### [WHAT YOU HAVE TO DO]
Beginning at the first line of the material, output each line exactly until you reach and include the line containing "- suivi de l'évolution". Leave every picture out.

### [DATA UNDER STUDY]
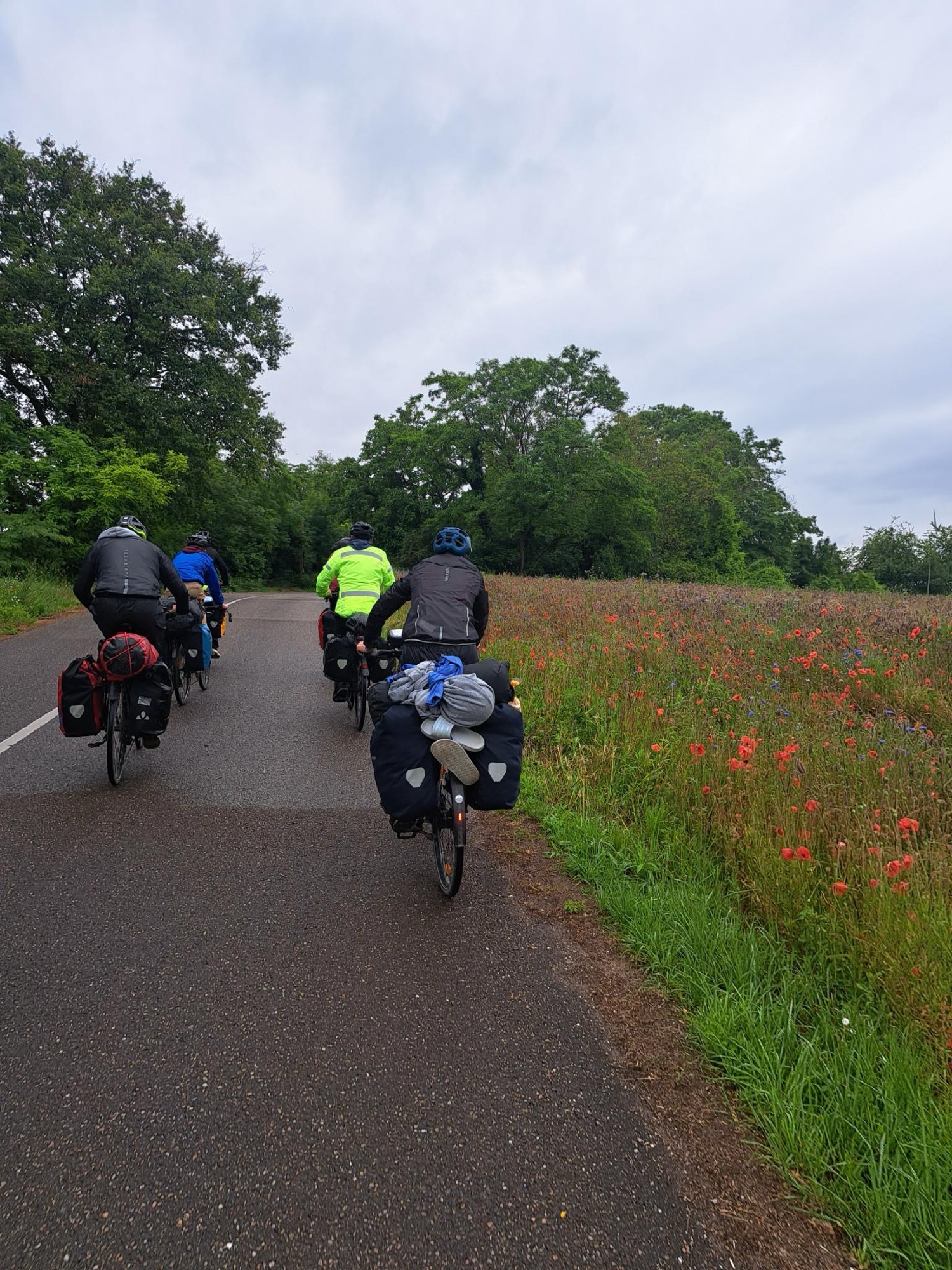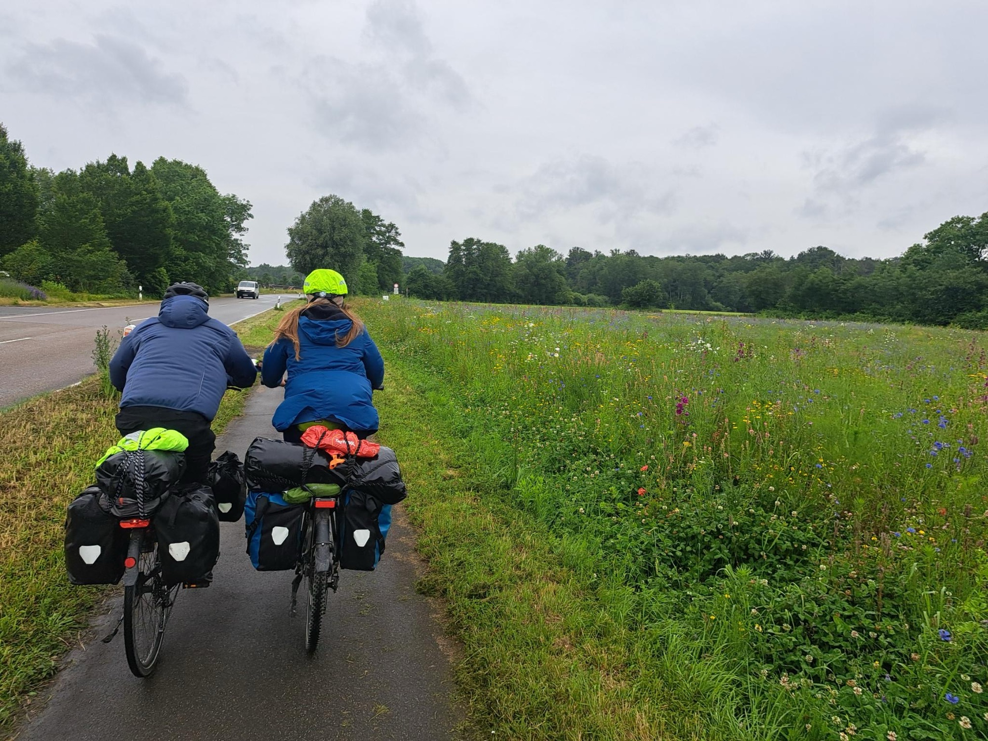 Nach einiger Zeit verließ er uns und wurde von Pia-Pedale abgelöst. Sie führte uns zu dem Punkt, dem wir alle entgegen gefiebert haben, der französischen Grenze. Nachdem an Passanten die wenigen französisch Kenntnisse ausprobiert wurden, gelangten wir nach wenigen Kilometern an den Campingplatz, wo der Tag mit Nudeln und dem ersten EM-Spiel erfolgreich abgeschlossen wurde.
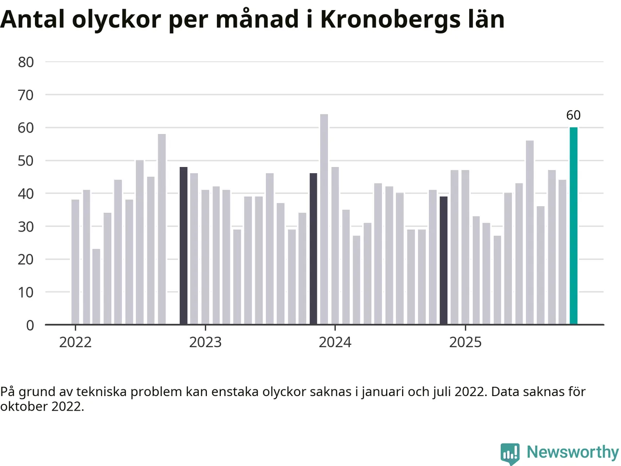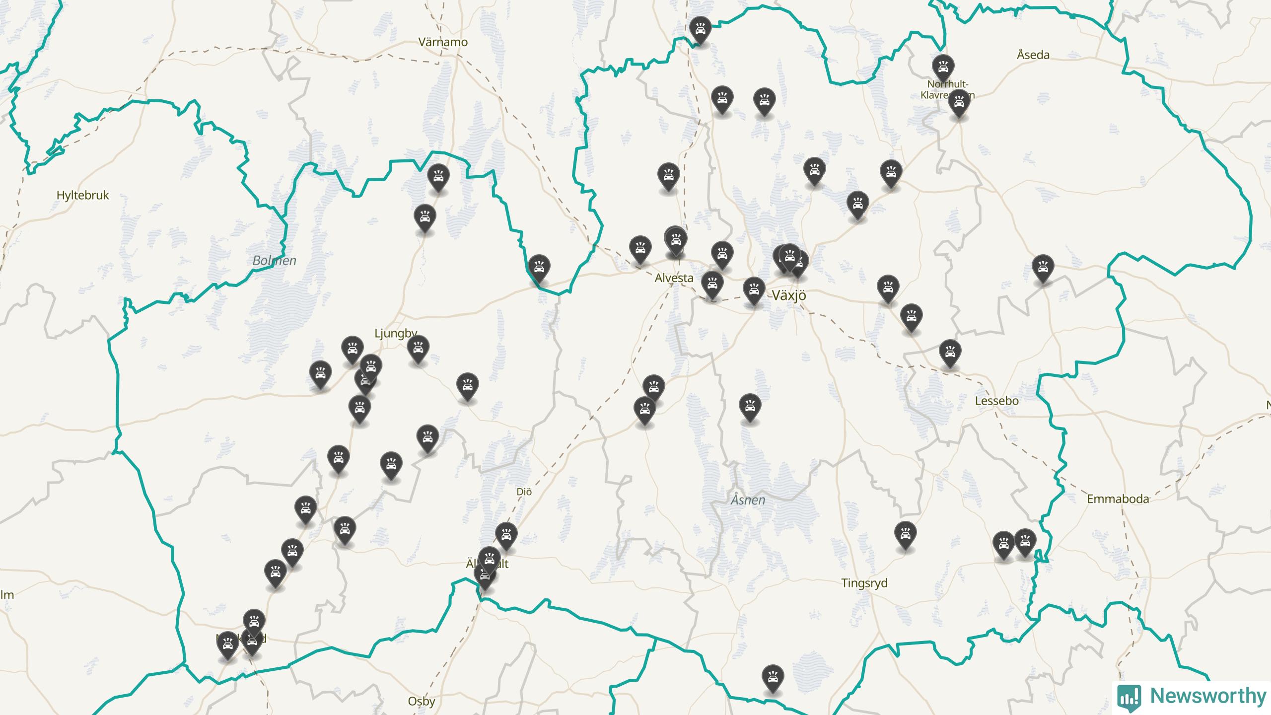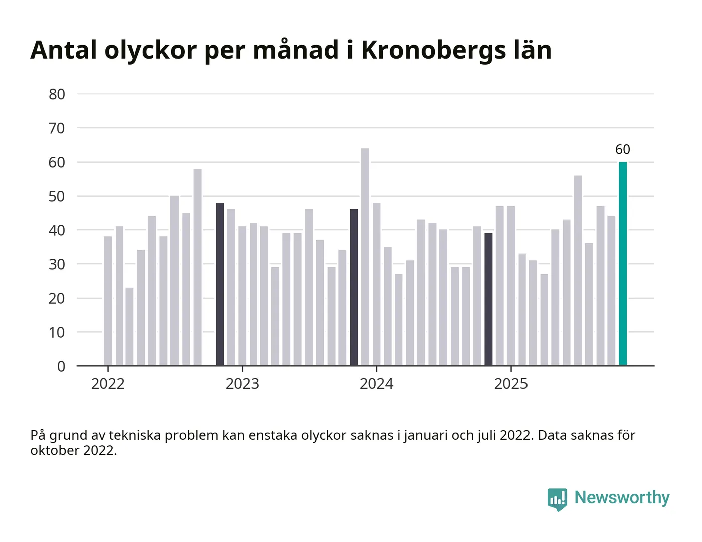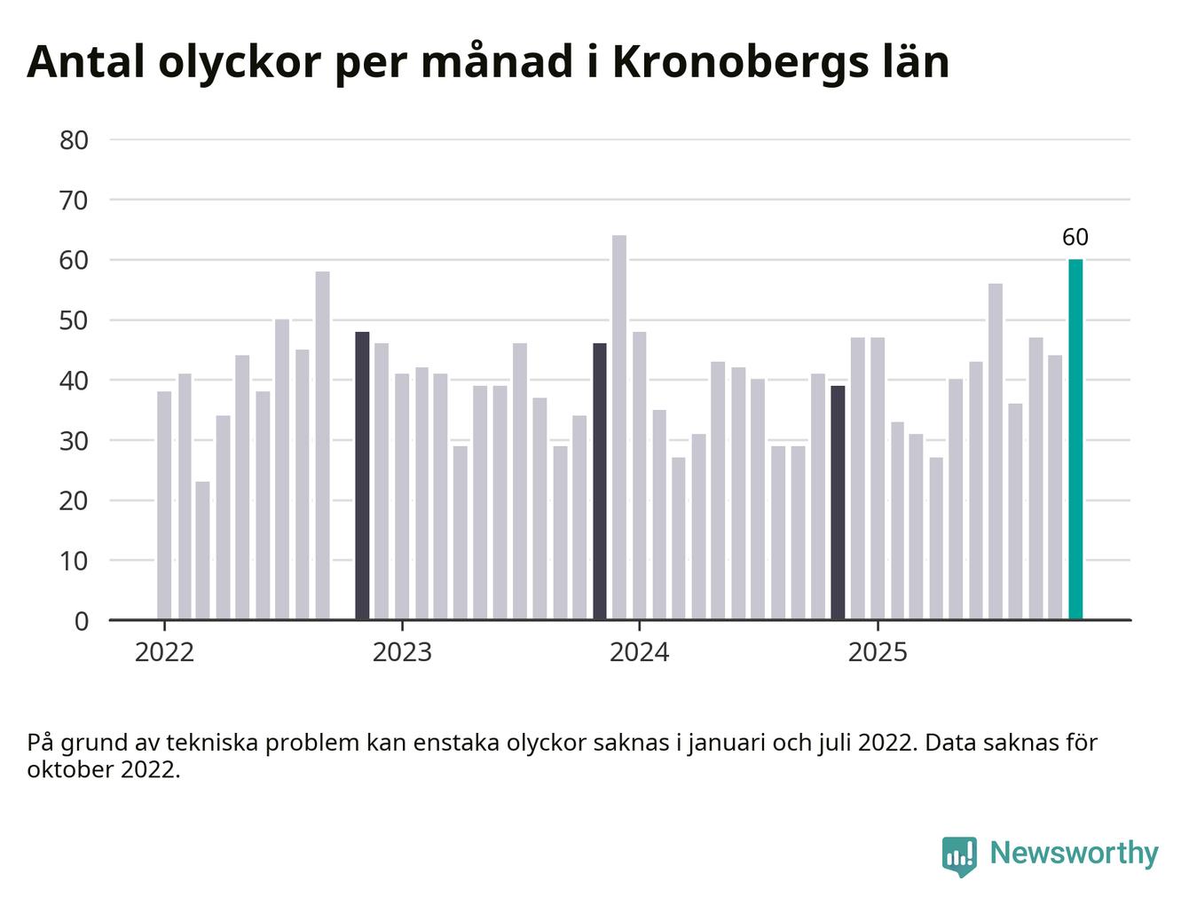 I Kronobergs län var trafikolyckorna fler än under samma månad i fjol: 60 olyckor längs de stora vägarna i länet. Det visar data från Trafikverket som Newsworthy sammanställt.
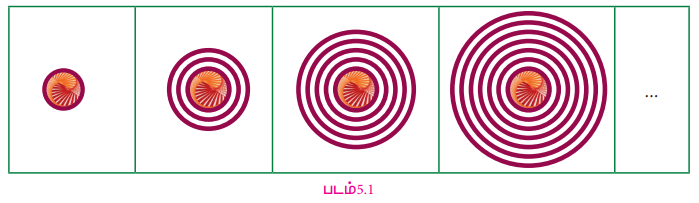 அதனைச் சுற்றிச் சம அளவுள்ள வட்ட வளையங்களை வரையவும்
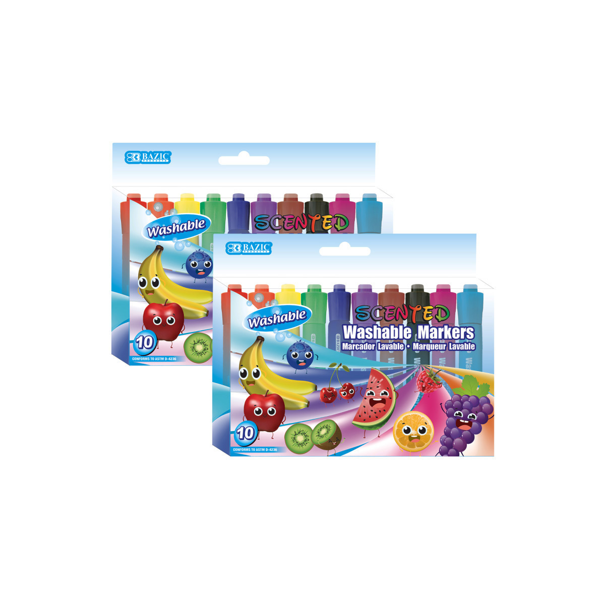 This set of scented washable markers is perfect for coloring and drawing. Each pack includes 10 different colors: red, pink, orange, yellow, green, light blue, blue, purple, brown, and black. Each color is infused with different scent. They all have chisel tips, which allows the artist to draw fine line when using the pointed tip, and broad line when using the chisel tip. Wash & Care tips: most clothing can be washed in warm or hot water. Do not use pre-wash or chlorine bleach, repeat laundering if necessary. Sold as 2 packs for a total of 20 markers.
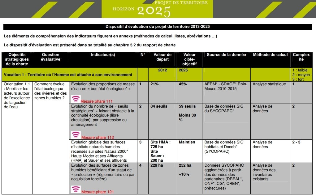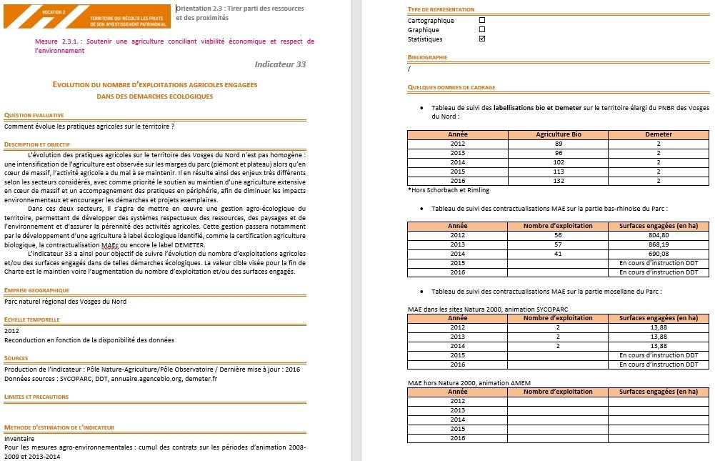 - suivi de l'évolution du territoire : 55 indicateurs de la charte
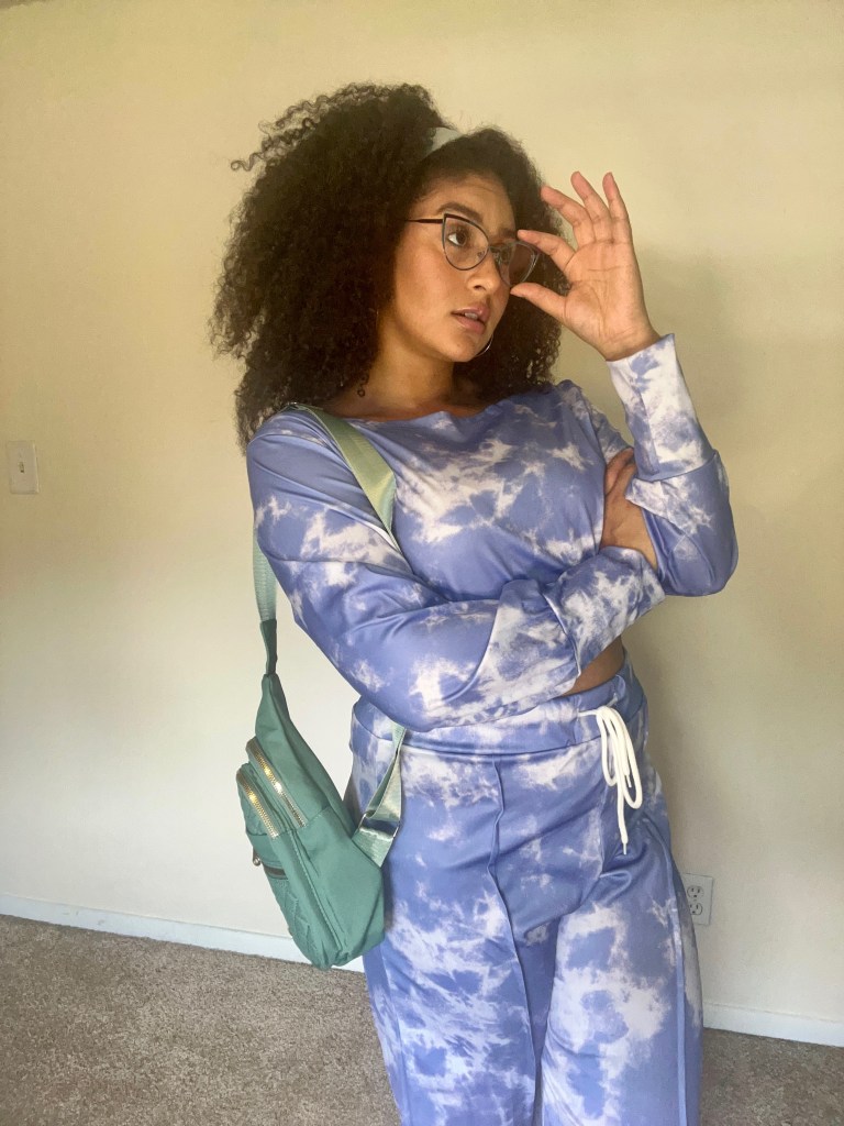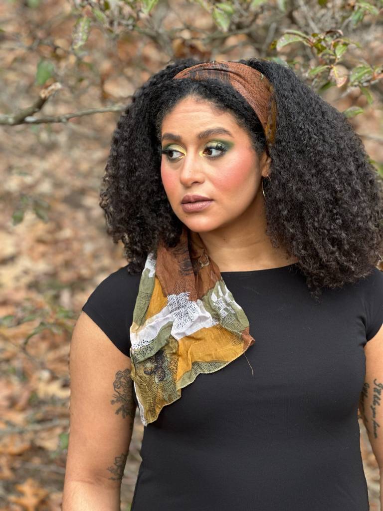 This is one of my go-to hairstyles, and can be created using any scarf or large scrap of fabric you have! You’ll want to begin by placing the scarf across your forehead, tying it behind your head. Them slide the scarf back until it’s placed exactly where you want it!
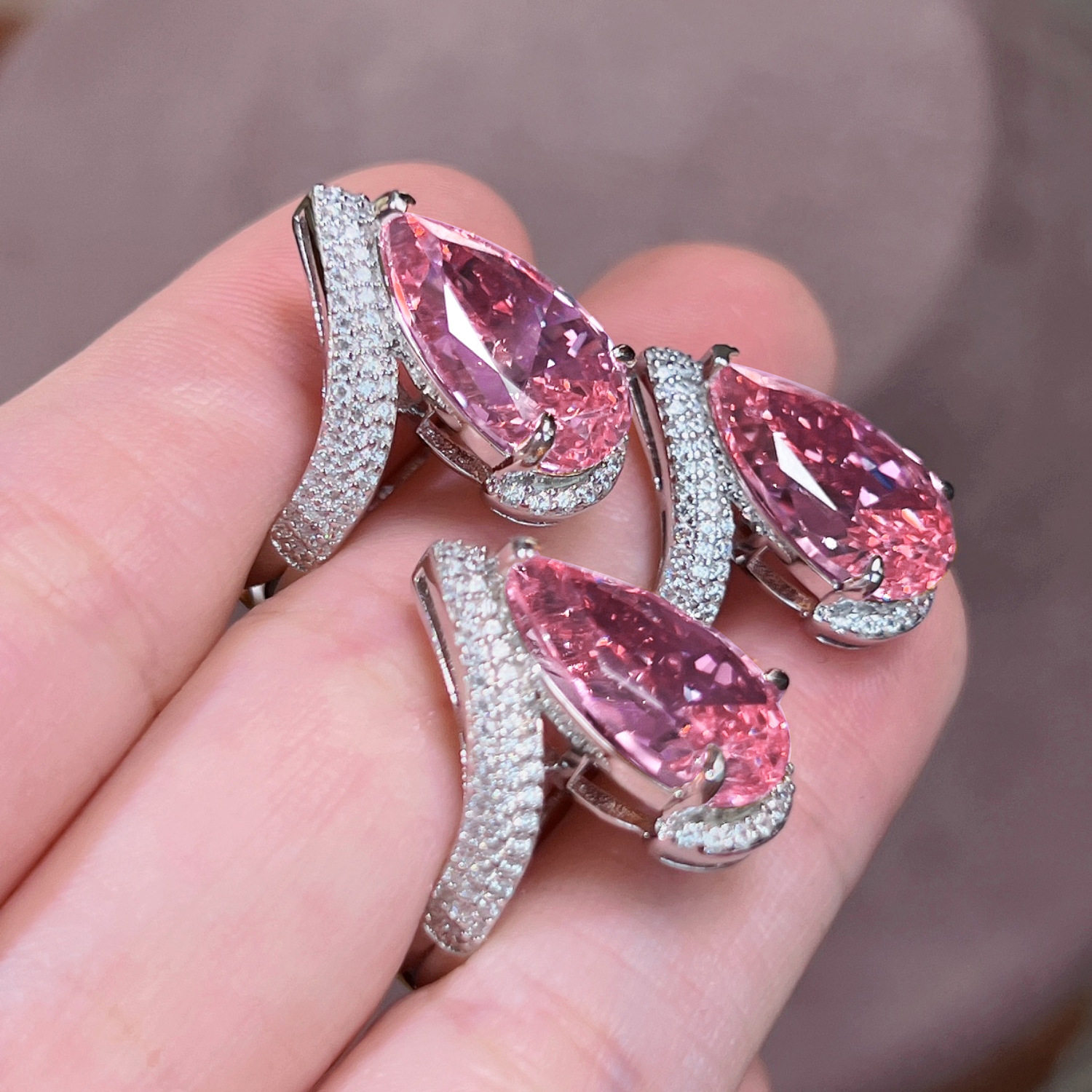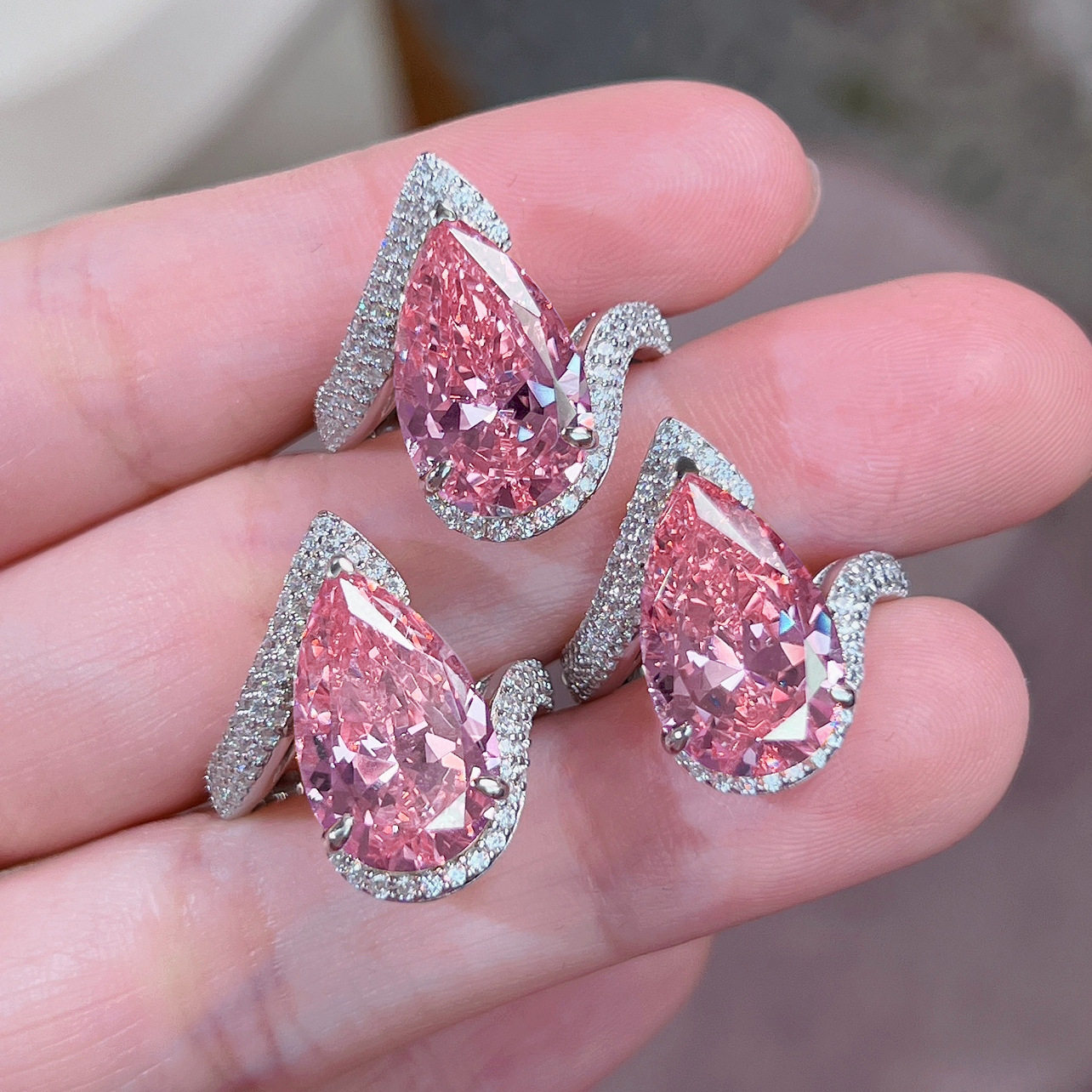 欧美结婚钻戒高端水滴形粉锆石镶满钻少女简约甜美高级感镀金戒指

### [RESULT OF THE EXERCISE]
 Nach einiger Zeit verließ er uns und wurde von Pia-Pedale abgelöst. Sie führte uns zu dem Punkt, dem wir alle entgegen gefiebert haben, der französischen Grenze. Nachdem an Passanten die wenigen französisch Kenntnisse ausprobiert wurden, gelangten wir nach wenigen Kilometern an den Campingplatz, wo der Tag mit Nudeln und dem ersten EM-Spiel erfolgreich abgeschlossen wurde.
 I Kronobergs län var trafikolyckorna fler än under samma månad i fjol: 60 olyckor längs de stora vägarna i länet. Det visar data från Trafikverket som Newsworthy sammanställt.
 அதனைச் சுற்றிச் சம அளவுள்ள வட்ட வளையங்களை வரையவும்
 This set of scented washable markers is perfect for coloring and drawing. Each pack includes 10 different colors: red, pink, orange, yellow, green, light blue, blue, purple, brown, and black. Each color is infused with different scent. They all have chisel tips, which allows the artist to draw fine line when using the pointed tip, and broad line when using the chisel tip. Wash & Care tips: most clothing can be washed in warm or hot water. Do not use pre-wash or chlorine bleach, repeat laundering if necessary. Sold as 2 packs for a total of 20 markers.
 - suivi de l'évolution du territoire : 55 indicateurs de la charte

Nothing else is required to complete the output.